I felt sick all morning, but that didn't stop me from getting the house tidied up. (I did start feeling better at about 1pm) Lets see, there was the laundry, sweeping the floor, cleaning the bathrooms, cleaning the kitchen, vacuuming the carpets, tidying up the living room and cleaning off the mantle and top of the entertainment center, cleaning all the yogurt and food off of the chairs, cleaning off the table so I could put the party tablecloth and balloons and presents and cake on it. I finished everything I needed to to at about 3:45 and then got ready for my..... Half Size Me Interview! Woo Hoo! Heather, the host of my now favorite podcast (on account of it is the only podcast I listen to) contacted me a while back and asked if I wanted to interview for the show. I was pretty nervous as the time came closer to interview but I got over my nerves pretty quickly after we started talking. Heather is really easy and fun to talk to and I really enjoyed talking. I did feel a little nervous going so much into my past with my parents, mostly my mom making me diet and exercise back in 6th grade, but I knew that I had to tell the truth and I had to tell my whole story and that time was when it all started and is a huge contributing factor to the rest of my past. The interview won't air until January so it's going to be a while.

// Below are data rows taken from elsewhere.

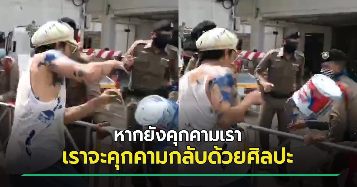 เปิดนาทีเดือดสุด แอมมี่ The Bottom Blues สาดกระป๋องสีใส่ตำรวจ สน.สำราญราษฎร์ อ้างเป็นการตอบโต้ที่ตำรวจคุกคามประชาชน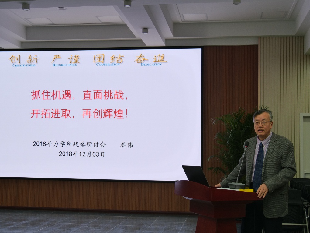 12月3日,力学所召开了2018年度发展战略研讨会,所长秦伟、党委书记、副所长刘桂菊、纪委书记戴兰宏、副所长尹明、魏宇杰以及全所副高以上研究人员、职能部门正副处长等200余人参加了会议。本次战略研讨会主题是“学习重温习总书记讲话精神,脚踏实地,攻坚克难,圆满完成十三五任务,有效推动力学及交叉学科进步。献计献策,形成合力,积极谋划十四五大发展,扎实推进复杂系统力学卓越中心建设”。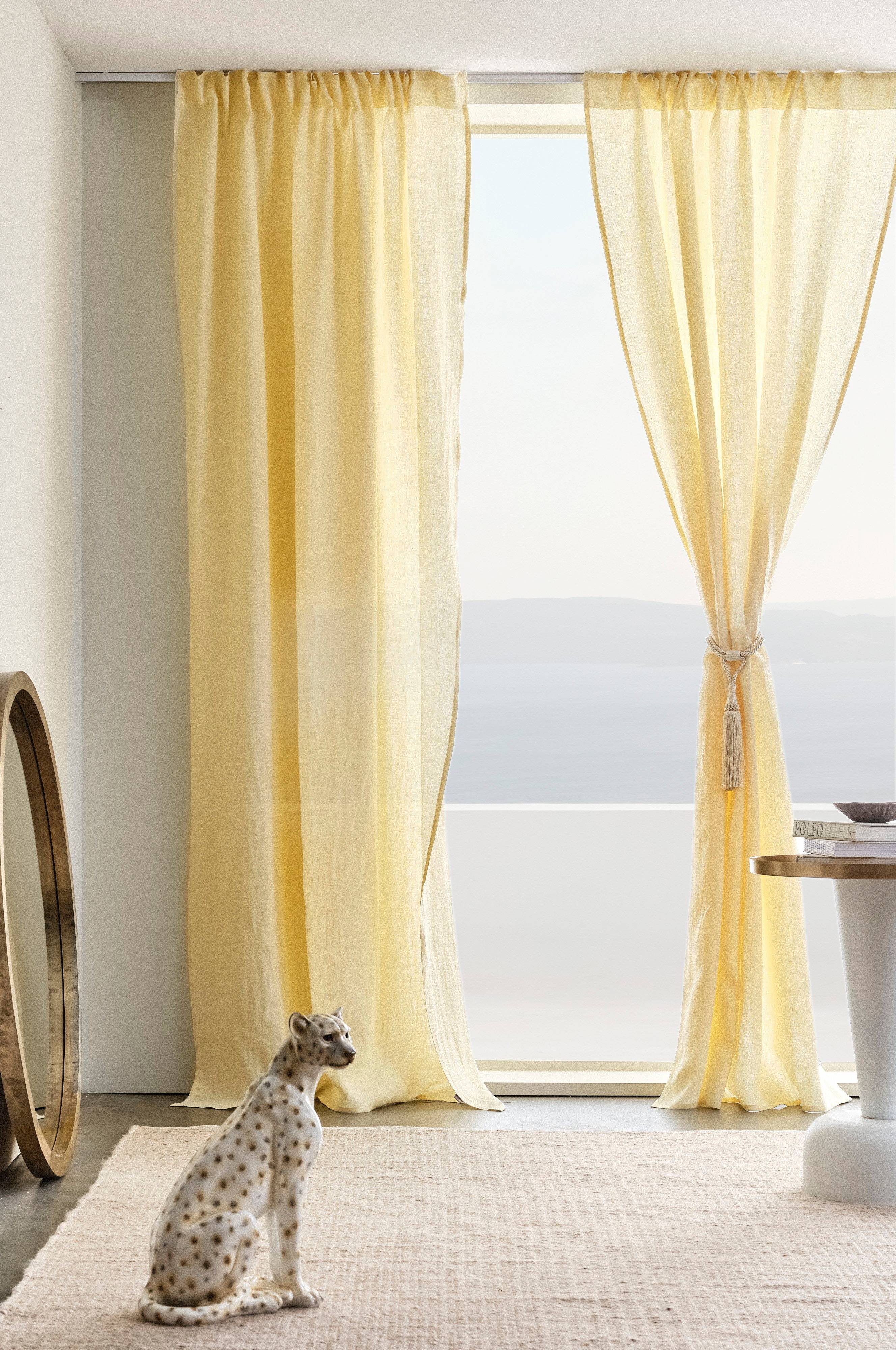 Dwie zasłony z 100% lnu z wszytą taśmą wielofunkcyjną. Zasłony można zawiesić na haczykach lub przy użyciu tunelu czy krytych szelek. Len ze względu na swoją specyficzną strukturę to tkanina charakteryzująca się rustykalnym i naturalnym wyglądem, jest piękna, a jasne odcienie pogłębiają jej prostotę.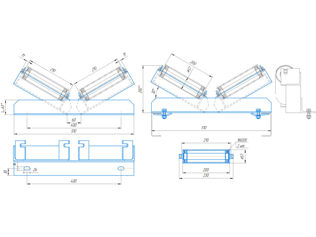 размещения ленты на конвейере. Данный элемент состоит из роликовой опоры в

I've been thinking a lot about food of course as I usually do. This morning I was feeling queasy and when I opened up the fridge the thing that called out to me was the strawberry cheesecake pancakes I had made for breakfast yesterday. I stood there and started to think to myself. Why do I want to eat those so badly? Goodness knows my stomach and my body doesn't want them. Why am I so programmed to jump for sugar? It is so frustrating. Here I am feeling sick and mentally I am wanting to eat something sweet that will probably make me feel even sicker. I remember one time growing up when I had the flu and I ate a packet of sweet tarts and then promptly threw them up. I ate them because I saw them. My body didn't want them, but I mentally wanted them. Why? This is the thing that is the most perplexing to me. It is also the thing that I have not been able to resolve for myself. I feel like I am programmed to automatically reach for sugar. After lunch I want a treat, after dinner I want a treat. In the afternoon I want a treat. I feel like my body is craving sugar all the time. When I get hungry the first thing I want is something sweet. Since I have not been eating sweets, I have loaded up on refined carbs, eating crackers and chips in place of sweets. A better replacement would be fruit or veggies. I am not entirely sure how to tackle this beast, and a lot of books on the topic are usually pretty harsh calling sugar a poison and saying that we should cut it out of our diet all together. But I really don't want to do that. Sugar is a part of our culture, our society, our life. Take today for example, Ice Cream Cake at a birthday party. Cake at a wedding, desserts at every holiday, family gathering, event, activity. You name it, food and desserts are a part of it. How do we navigate this? How do we stop ourselves from binging around these foods? Is it even possible for someone like me to have a healthy relationship with desserts? The answer: honestly..... I don't know.
To end on a light note, here are a few pictures from tonight's birthday party with my sister. She was super surprised and we had a great time. The kids were a little fussy and had to be put to bed in the middle of it, fortunately though they went to bed easily. Also, I did have a piece of birthday cake since it was Blizzard Ice Cream cake from DQ. But that does not mean that I have given myself a free for all pass, in fact I am going to stay away from all desserts for another good long stretch. Maybe until Thanksgiving or another big event comes up where something irresistible is available. So maybe I am making progress in this area after all.